APM PMQ Leadership, Teams, and Conflict

Study APM PMQ Leadership, Teams, and Conflict: key concepts, common traps, and exam decision cues.

On this page

Leadership in PMQ is contextual. The best leadership style depends on urgency, team maturity, task clarity, risk, culture, and stakeholder expectations. A strong answer does not assume one leadership behaviour is always correct.

Team performance

Projects depend on temporary teams. The project manager may need to clarify roles, set expectations, create trust, manage interfaces, remove blockers, and support learning. Team development is not a one-time launch activity; it changes as the project moves through uncertainty and pressure.

Conflict

Conflict is not automatically bad. It may reveal unclear scope, resource pressure, stakeholder disagreement, or technical tradeoffs. The project manager should address the cause, not only the symptoms.
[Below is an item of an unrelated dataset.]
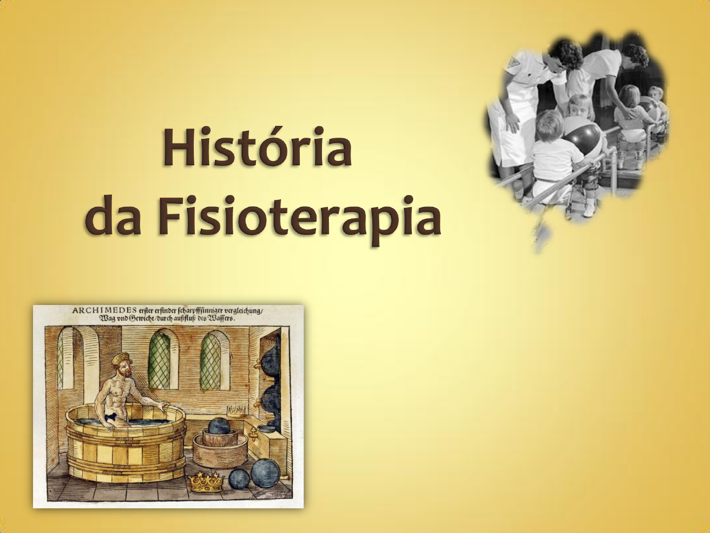Curso de Fisioterapia 6° semestre on line Prof. Renata Brito Faculdade IBES Antiguidade Idade Média Renascimento Industrialização Grandes Guerras Forte preocupação com as pessoas que apresentavam “diferenças incômodas” (doenças). Os médicos na Antigüidade conheciam os agentes físicos e os empregavam em terapia. Utilizavam a eletroterapia, sob forma de choques com peixe elétrico, no tratamento de certas doenças. O uso da ginástica estava unicamente nas mãos dos sacerdotes e que somente eram empregadas com fins terapêuticos, ou seja, os movimentos do organismo humano, quando estudados, racionalizados e planejados, eram utilizados no tratamento das disfunções orgânicas já estabelecidas, já instaladas. A Cinesioterapia deu um salto importante já na Grécia antiga, em razão dos Jogos Olímpicos. Na Idade Média as “diferenças incômodas” são consideradas como algo a ser “exorcizado”. Não havia nenhuma condição de educação, saúde e conforto. Houve uma interrupção no avanço dos estudos e da atuação na área da saúde. O corpo humano foi considerado algo como “inferior” e as camadas mais privilegiadas (nobreza e o clero) desenvolveram uma atividade física dirigida para um objetivo determinado - aumento da potência física. As ordens religiosas eram inimigas do corpo, pois valorizavam a alma e o espírito. Volta a preocupação com o Corpo Saudável. Retomada dos estudos relativos ao cuidados com o corpo e revitalização do culto ao físico. Entre a Idade Média e o Renascimento, após a estagnação houve uma retomada não somente dirigida ao tratamento, mas também uma preocupação com a manutenção das condições normais. Entre 1779-1849 Don Francisco y Ondeano Amorós, dividiu a ginástica em quatro pontos, o terceiro ponto era a cinesioterapia (atuação terapêutica através de exercícios). Na Alemanha em 1847 foi definida uma educação física com objetivos preventivos e corretivos. Em 1864 a Sociedade Médica de Berlim, definiu ginástica para pessoas sãs e ginástica para enfermos. Mercurialis apresentou princípios definidos para a ginástica médica que compreendiam: 1-) exercícios para conservar um estado saudável já existente; 2-) regularidade no exercício; 3-) exercícios para indivíduos enfermos cujo estado pode exacerbar-se; 4-) exercícios individuais especiais para convalescentes; 5-) exercícios para pessoas com ocupações sedentárias. “direcionamento puramente curativo” Houve o desenvolvimento das cidades, bem como surgiram condições sanitárias precárias, jornadas de trabalho estafantes, e condições alimentares insatisfatórias que provocaram a proliferação de novas doenças. O surgimento de novas patologias e epidemias exigiram da medicina um desenvolvimento nos estudos. A atenção ao "tratamento" faz surgir a idéia de atendimento hospitalar. Mais tarde, ainda no século XIX, surgem as especializações médicas. A Fisioterapia parece ter seguido a mesma direção dividindo-se em diferentes especialidades. Surge a preocupação das classes dominantes para não perder ou diminuir a sua fonte de riqueza e bem estar gerados pela força de trabalho das classes baixas. O exercício físico e as outras maneiras de atuar caracterizam a Fisioterapia no século XX. A fisioterapia como profissão nasceu em meados do século XX, devido às duas guerras mundiais. I Guerra Mundial (1914 a 1918) II Guerra Mundial (1939 a 1945) As guerras causaram um grande número de lesões e ferimentos graves que necessitavam de uma abordagem de reabilitação para reinserir as pessoas afetadas novamente em uma vida ativa. Inicialmente executada por voluntários nos campos de batalha, a fisioterapia acompanhou as grandes mudanças e transformações do século XX . Surgem as escolas de cinesioterapia, para tratar ou reabilitar os lesados, ou mutilados que necessitavam readquirir um mínimo de condições para retornar a uma atividade social integrada e produtiva. Exercícios de alongamento no membro inferior esquerdo. Segunda Guerra Mundial (1939 a 1945) – indivíduos com seqüelas físicas - Industrialização - novos equipamentos - Assistência “curativa”, “recuperadora” e “reabilitadora”. “produziram um grande contingente de pessoas que precisavam de tratamento para se recuperar ou reabilitar e readquirir um mínimo de condições para voltar a uma atividade social integrada e produtiva”. O surgimento da Fisioterapia no Brasil no eixo Rio - São Paulo foi influenciada pela vinda da família Real ao Brasil. Napoleão Bonaparte acabou por contribuir indiretamente com o desenvolvimento dos primeiros serviços organizados de Fisioterapia no Brasil, ao invadir Portugal e fazer com que a família real portuguesa desembarcasse no país em 1808. O surgimento das primeiras escolas de ensino médico destacam-se como a grandiosa obra dos portugueses no país, em particular os avanços obtidos na cidade do Rio de Janeiro. No século XIX, os recursos fisioterápicos faziam parte da terapêutica médica, e assim há registros da criação, no período compreendido entre 1879 e 1883, do serviço de eletricidade médica da USP, e também do serviço de hidroterapia no Rio de Janeiro, existente até os dias de hoje, sob denominação de "Casa das Duchas". II Guerra Mundial Industrialização Técnico em fisioterapia > fisioterapista > fisioterapeuta (1959) 1879 - 1883 - Serviço de Eletricidade Médica e Hidroterapia do RJ 1884 - 1° Serviço de Fisioterapia da América do Sul – Hospital de Misericórdia do RJ (Dr. Artur Silva) 1919 – Departamento de Eletricidade Médica (hoje, USP) – Dr. Raphael Penteado de Barros - Médicos de Reabilitação – Faculdade de medicina da USP 1929 – Dr. Waldo Rolim de Moraes – Serviço de Fisioterapia do Instituto Radium Arnaldo Vieira de Carvalho 1929 até 1969 – Profissão exercida sem regulamentação (Recursos fisioterapêuticos eram exercidos sob prescrição médica)

Avoid exam answers that suppress all disagreement or escalate before attempting appropriate resolution.

Sample Exam Question

A technical team is arguing about two feasible solution options. The disagreement is delaying a decision, but both options have different risk and cost implications. What should the project manager do?

A. Suppress discussion and choose randomly.
B. Facilitate evaluation against project objectives, constraints, risk, and stakeholder needs.
C. Escalate immediately without analysis.
D. Ignore the disagreement until implementation.

Best answer: B

Why: The project manager should use conflict constructively by linking options to project objectives and constraints.